Cette anxiété se reflète dans des choix musicaux étranges. Après l’hyperpop survitaminée de l’an passé, place à… l’ambient. Ce début de 2021 a des airs de 1995 sur les plateformes de streaming. Dans la quête de pansements affectifs et de tempos caressants pour agrémenter le télétravail ou pour chasser les pensées suicidaires, les playlists ont sorti les sonorités new age du placard. Brian Eno a la cote. Faute d’iode, d’ambiances moites et de sommets enneigés, on s’enivre de sons amniotiques, de paysages sonores, de bruits de cascade. Une sorte de traitement homéopathique à la mélancolie. Max Richter transforme son petit coin bureau en vaisseau cosmique.

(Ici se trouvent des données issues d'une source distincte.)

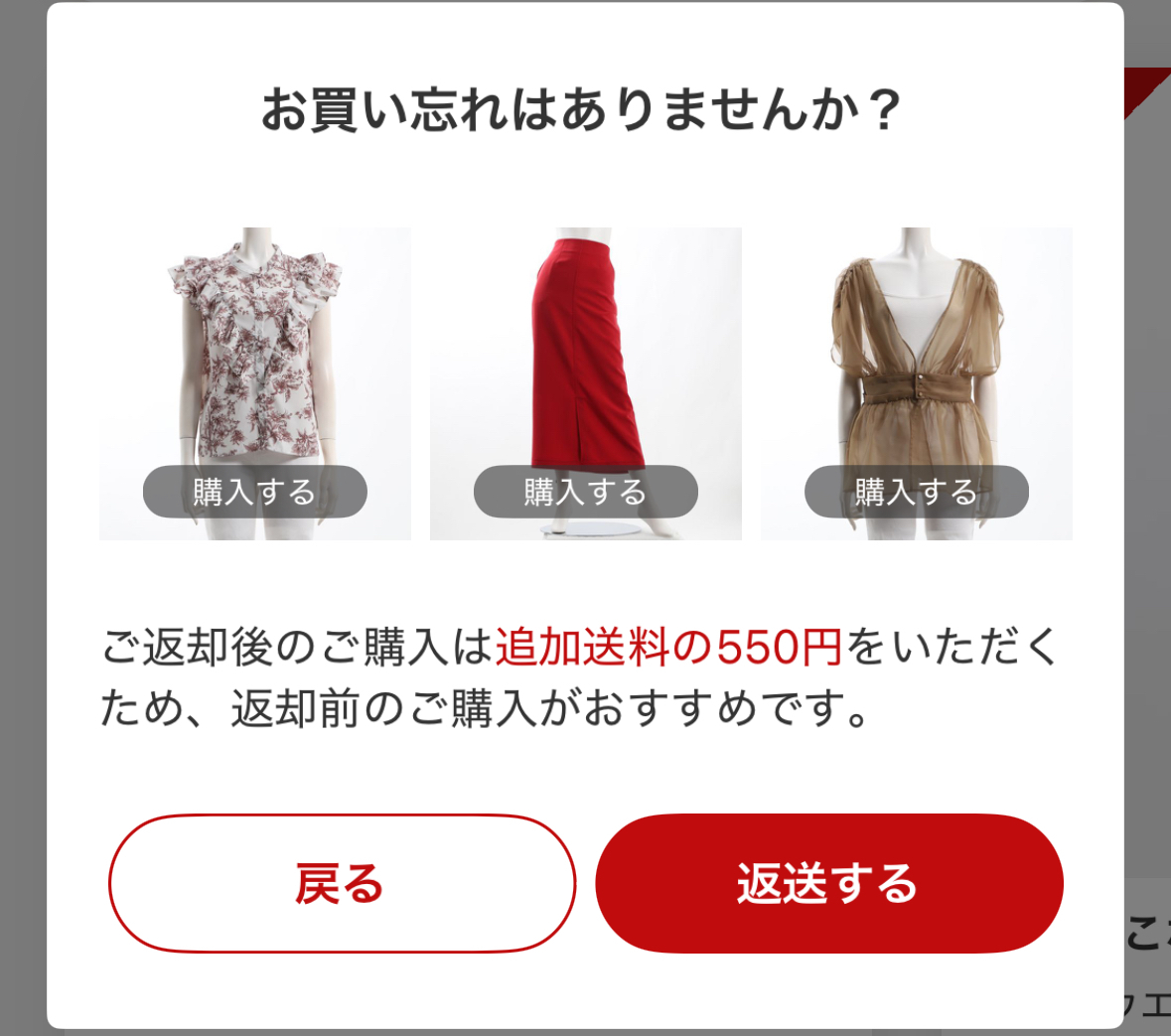 ※ご購入希望のアイテムは必ず返送手続きの前にご購入を完了してください。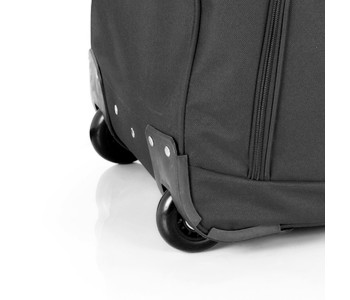 Сумка оснащена парою надійних роликових коліс. Колеса виготовлені з високотемпературного термопластичного поліуретану (TPU). Матеріал володіє міцністю порівнянної з пластиком, гнучкістю силікону, а так само має підвищену стійкість до перепадів температур. Відмінною особливістю коліс з TPU матеріалу є зниження шуму до мінімуму при коченні валізи по нерівній поверхні. Завдяки стійкості до стирання матеріал коліс відрізняється тривалим терміном експлуатації.

L’autre option, c’est de fuir le plus loin possible de ce présent asphyxiant. En se réfugiant par exemple dans le passé. On n’a jamais autant regardé les films du patrimoine. Pas seulement parce que les salles sont fermées. Mais aussi parce que les De Funès, Delon, nous aspirent dans un monde qui semblait avoir encore un futur. Même les nouveautés jouent cette carte vermeil: la série Lupin remet en lumière l’oeuvre de Maurice Leblanc tandis que sur Apple TV débarque le chien philosophe Snoopy (lire notre article).
Autre technique d’évasion: prendre son ticket pour la campagne. Les films du festival de Rotterdam (lire notre article) font ainsi la part belle à la ruralité, ce paradis perdu. Un territoire physique et mental qui fait saliver les urbains coincés dans leurs boîtes à chaussures. Que restera-t-il de ce vaste mouvement de l’âme après la crise? Seul Godot pourrait répondre.